Chapter 4.5.2 Trajectory F(njω0t)=f(t)*exp(-njω0t) for n=0
ie. F(0j1t)=0.5cos(4t-30°) i.e non-rotating R(t)=0.5cos(4t-30°)
Fig.4-15
Trajectory F(0j0t)=0.5cos (4t-30 °) in the complex version and real version
Fig. 4-15a
Trajectory F(0j0t)=0.5cos (4t-30 °) in the complex version
The constant component c0 =0, ie f(t) “swings” around sc0=(0,0). Almost like Fig.4-5a. Find the slight difference you can see at the beginning of Fig. 4-5a.
Fig. 4-15b
Trajectory F(0j0t)=0.5cos (4t-30 °) in the real version, i.e. the time plot.
Chapter 4.5.3 Trajectory F(3j1t)=0.5cos(4t-30°)*exp(-3j1t) i.e. with rotation 3ω0=-3/sec
Previously, for f (t)=0.5cos(4t), we tested 8 trajectory rotation speeds, i.e. for n*ω0 when:
n=4 then there was a non-zero trajectory center of gravity sc4=(0.25.0)
n≠4 then was the zero center of gravity sc of the trajectory scn=(0.0)

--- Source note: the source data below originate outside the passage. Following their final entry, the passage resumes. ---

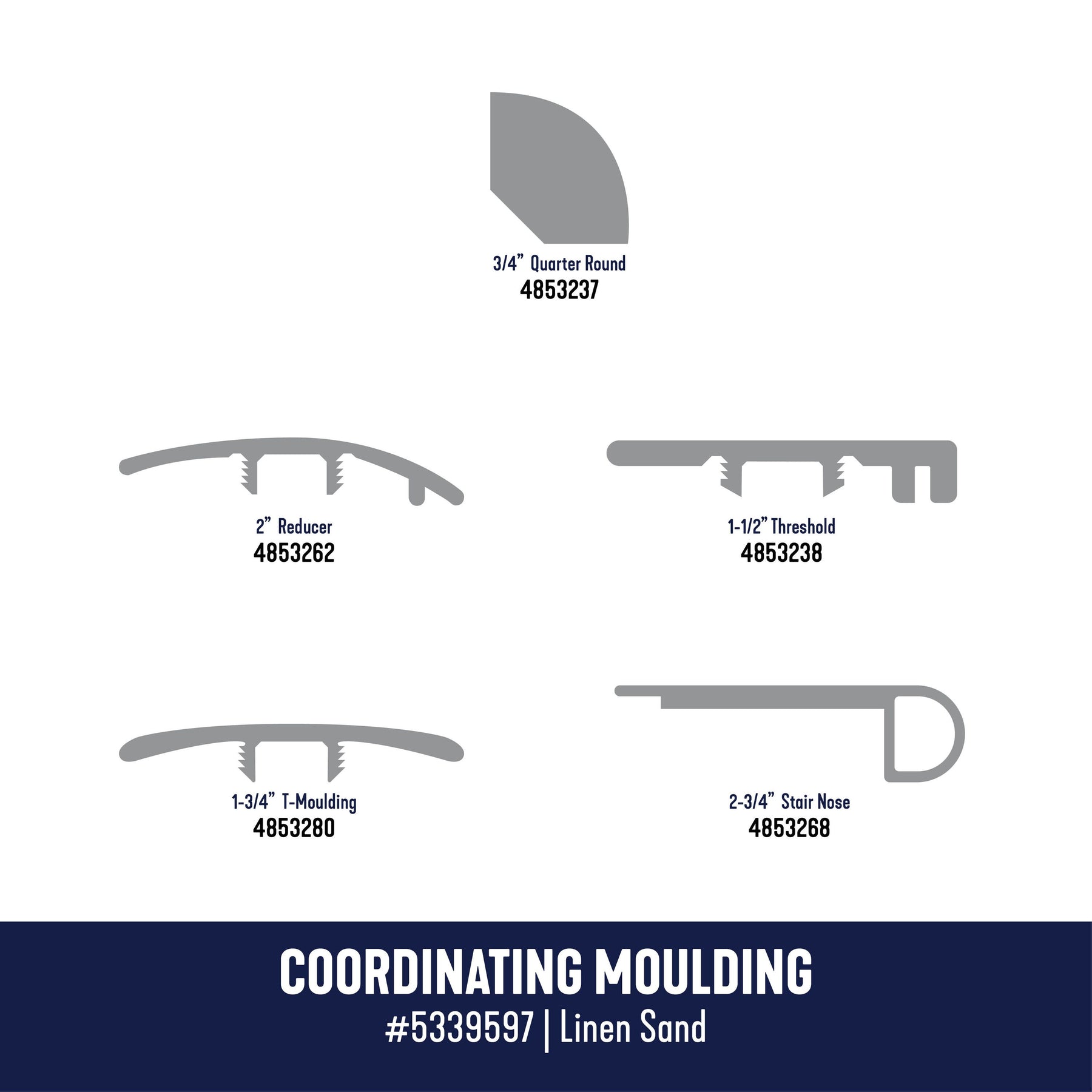 Complete your flooring with this Linen Sand T-molding for a durable, water-resistant transition that looks custom-finished.
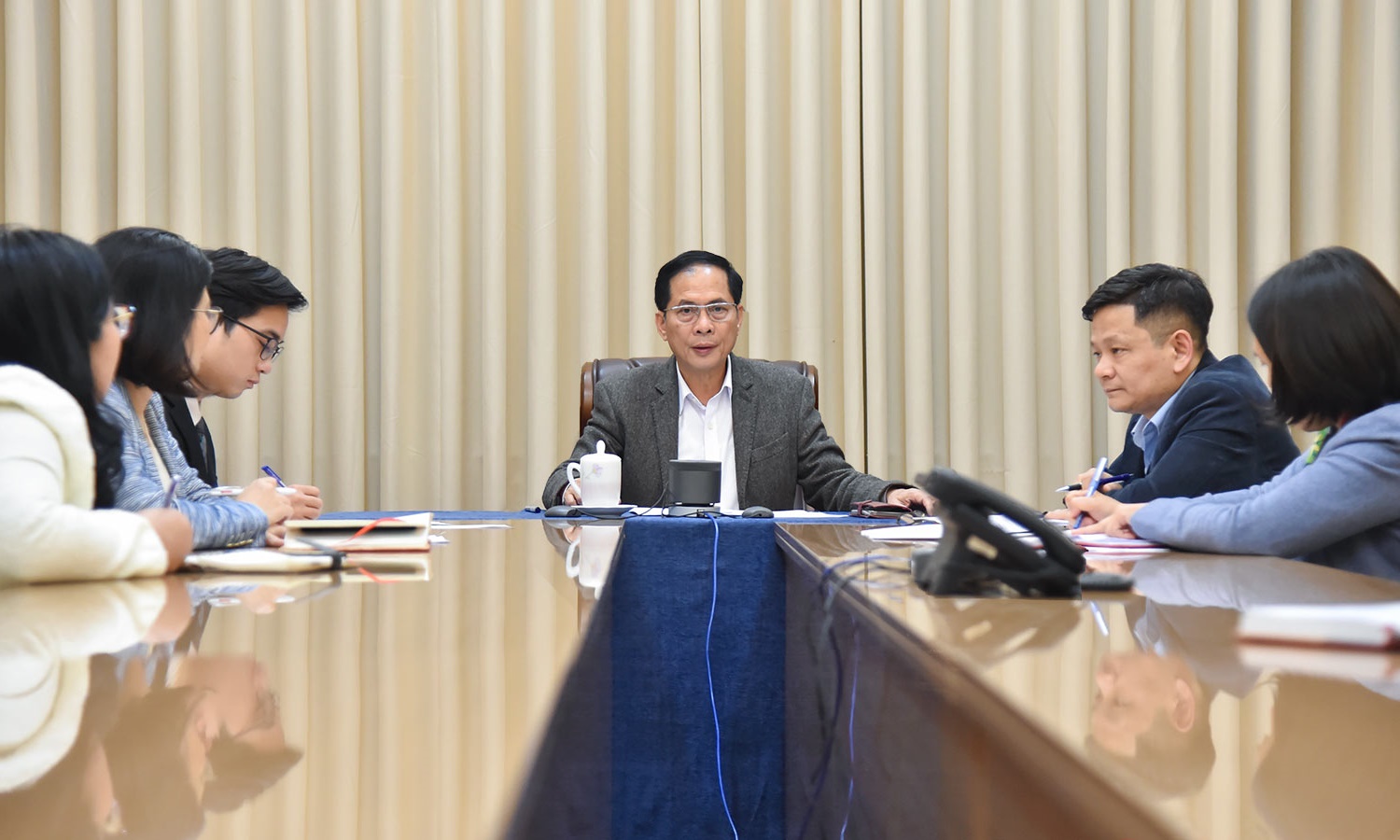 Phó thủ tướng, Bộ trưởng Ngoại giao Bùi Thanh Sơn trong cuộc điện đàm với Ngoại trưởng Ukraine Andrii Sybiha ngày 17/2. Ảnh: BNG
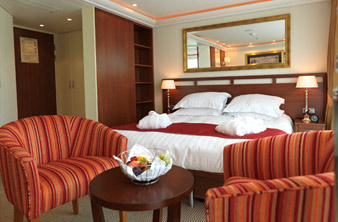 Stateroom Features:In-room temperature controlDeluxe hotel-style bedding with Egyptian linen, down pillows and duvetSpacious bathrooms with multi-jet showerheadsLarge wardrobe, full-length mirror, hair dryer, safe and direct-dial telephoneFlat-screen TV that also works as a computerEntertainment on Demand system providing complimentary TV, movies and music libraryComplimentary internet and Wi-FiComplimentary bottled water replenished dailyDesk and chair
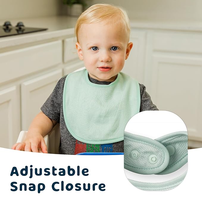 - DRY & COMFORTABLE: Keeps babies dry during drooling and teething. The soft outer layer quickly absorbs moisture, while the waterproof lining blocks leaks and protects clothes from messes.

For f(t)=0.5cos(4t-30°) it will be similar. Therefore, we will check for only one “zero center” rotation, e.g. for n=3 that is for n*ω0=3/sec.
Fig.4-16
F(3j1t)=0.5cos(4t–30°)*exp(-j3t)≈(0.433-j0.25)*cos(4t)*exp(-j3t)
The animation lasts T≈6.28sec.
a
Radius R=0.5 z will make 3 turns.
b
Complex function F(3j1t) as a rotating vector.
c
Complex function F(3j1t) as a trajectory
It is rotated by some angle(-30°?) with respect to the trajectory F(3j1t)=0.5cos(4t)*exp(-j3t) from Fig. 4-8c. You can see it by the red line in both pictures. The center of gravity for revolutions ω=3/sec is sc3=(0,0). So the function has no harmonic for ω=3/sec.
Chapter 4.5.4 Trajectory F(4j1t)=0.5cos(4t-30°)*exp(-4j1t) i.e. with rotation 4ω0=-4/sec
Fig.4-17
F(4j1t)=0.5cos(4t-30°)*exp(-j4t)
The animation lasts T≈6.28sec.
a
Radius R = 0.5 will make 4 turns.
b
Complex function F(4j1t) as a rotating vector
A vector R(t) of variable length will make 8 revolutions in a circle. Therefore, you only see the first turn.
c
Complex function F(4j1t) as a trajectory.
The vector b will make 8 turns in a circle. It is not zero as before, but sc4=0.25*exp(-j30°) or as sc4=(a, b)≈(0.433, -0.25). In Chapter 7, you will learn that from the center of gravity sc4, the 4th harmonic of f(t) can be read as 0.5cos (4t-30 °).